**EXERCISE BRIEF:**
Each of the entries below is to be written out exactly, and the images skipped.

**DATA FOR REVIEW:**
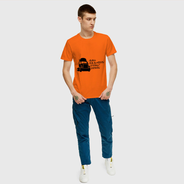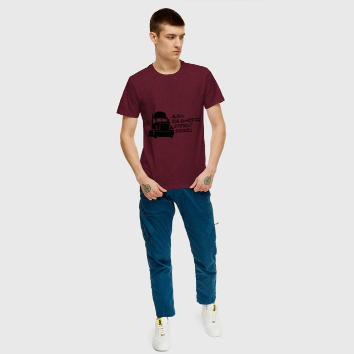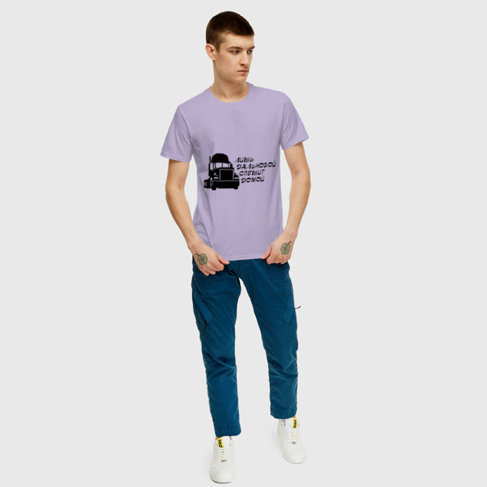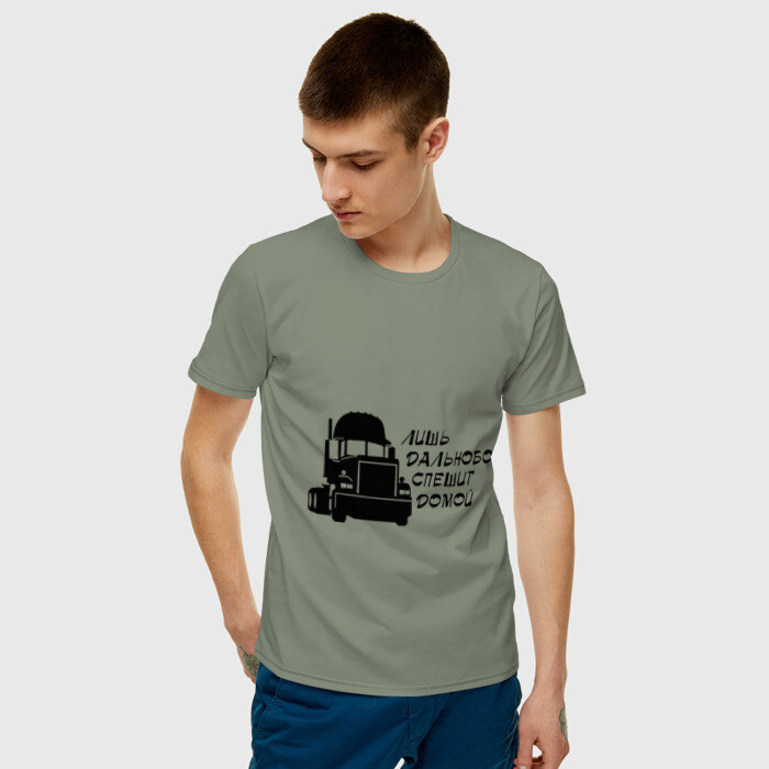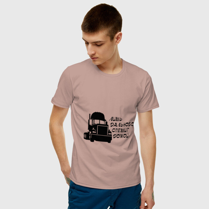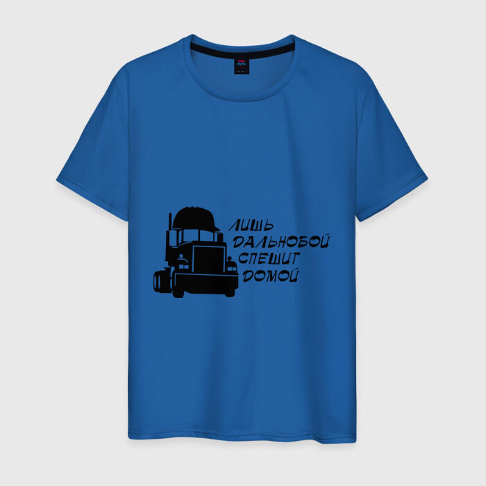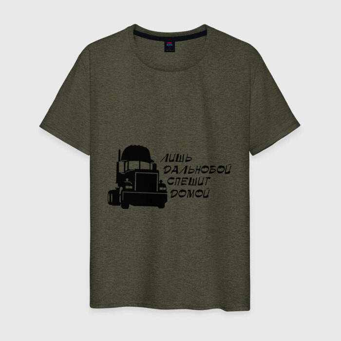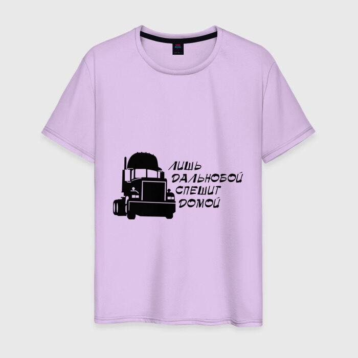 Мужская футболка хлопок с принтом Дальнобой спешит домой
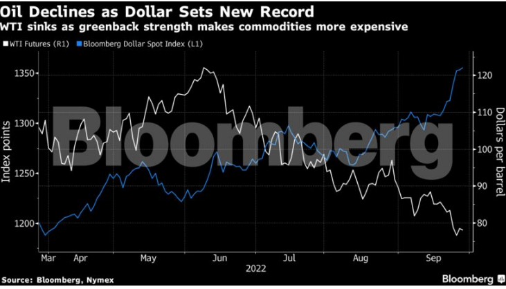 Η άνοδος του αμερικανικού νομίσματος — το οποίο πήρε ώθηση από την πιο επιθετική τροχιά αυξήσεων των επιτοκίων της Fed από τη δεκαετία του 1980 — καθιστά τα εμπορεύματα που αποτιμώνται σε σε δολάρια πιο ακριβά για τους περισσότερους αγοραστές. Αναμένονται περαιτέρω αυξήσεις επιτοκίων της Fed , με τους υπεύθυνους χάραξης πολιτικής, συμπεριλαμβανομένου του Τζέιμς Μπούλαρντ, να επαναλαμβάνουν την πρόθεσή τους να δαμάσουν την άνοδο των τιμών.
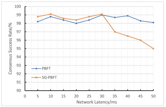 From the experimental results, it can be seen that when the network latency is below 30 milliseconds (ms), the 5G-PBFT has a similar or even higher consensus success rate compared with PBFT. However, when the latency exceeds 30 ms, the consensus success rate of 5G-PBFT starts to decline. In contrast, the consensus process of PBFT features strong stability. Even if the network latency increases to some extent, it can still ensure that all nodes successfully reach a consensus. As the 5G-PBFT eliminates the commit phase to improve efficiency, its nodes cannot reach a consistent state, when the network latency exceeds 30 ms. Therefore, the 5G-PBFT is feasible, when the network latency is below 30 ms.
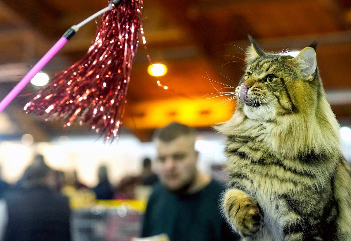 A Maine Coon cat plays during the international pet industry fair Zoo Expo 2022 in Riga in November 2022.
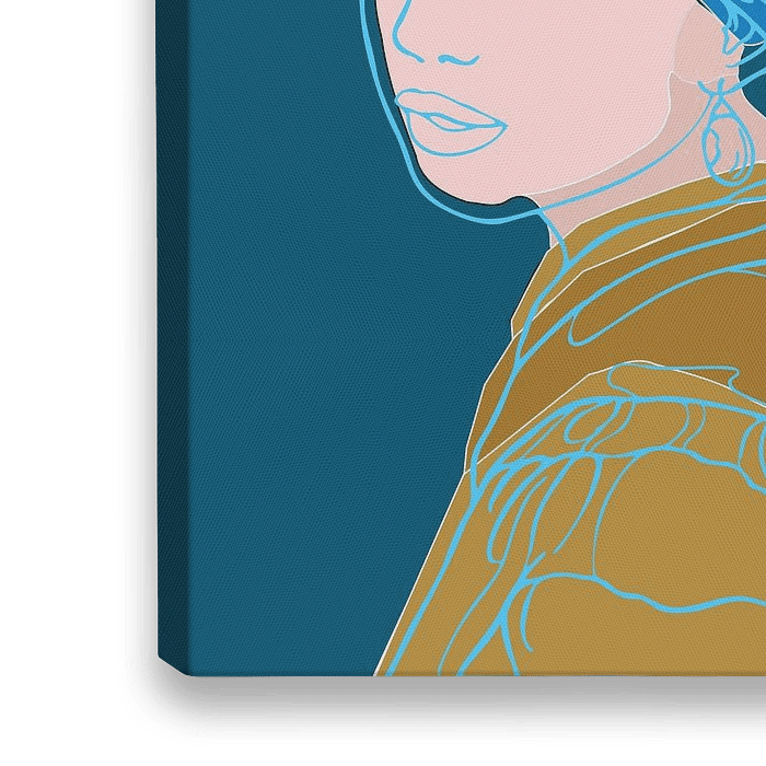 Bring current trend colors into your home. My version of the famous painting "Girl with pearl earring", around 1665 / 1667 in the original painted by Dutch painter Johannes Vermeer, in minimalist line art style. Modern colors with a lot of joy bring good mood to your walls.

**RESPONSE TO THE TASK:**
 Мужская футболка хлопок с принтом Дальнобой спешит домой
 Η άνοδος του αμερικανικού νομίσματος — το οποίο πήρε ώθηση από την πιο επιθετική τροχιά αυξήσεων των επιτοκίων της Fed από τη δεκαετία του 1980 — καθιστά τα εμπορεύματα που αποτιμώνται σε σε δολάρια πιο ακριβά για τους περισσότερους αγοραστές. Αναμένονται περαιτέρω αυξήσεις επιτοκίων της Fed , με τους υπεύθυνους χάραξης πολιτικής, συμπεριλαμβανομένου του Τζέιμς Μπούλαρντ, να επαναλαμβάνουν την πρόθεσή τους να δαμάσουν την άνοδο των τιμών.
 From the experimental results, it can be seen that when the network latency is below 30 milliseconds (ms), the 5G-PBFT has a similar or even higher consensus success rate compared with PBFT. However, when the latency exceeds 30 ms, the consensus success rate of 5G-PBFT starts to decline. In contrast, the consensus process of PBFT features strong stability. Even if the network latency increases to some extent, it can still ensure that all nodes successfully reach a consensus. As the 5G-PBFT eliminates the commit phase to improve efficiency, its nodes cannot reach a consistent state, when the network latency exceeds 30 ms. Therefore, the 5G-PBFT is feasible, when the network latency is below 30 ms.
 A Maine Coon cat plays during the international pet industry fair Zoo Expo 2022 in Riga in November 2022.
 Bring current trend colors into your home. My version of the famous painting "Girl with pearl earring", around 1665 / 1667 in the original painted by Dutch painter Johannes Vermeer, in minimalist line art style. Modern colors with a lot of joy bring good mood to your walls.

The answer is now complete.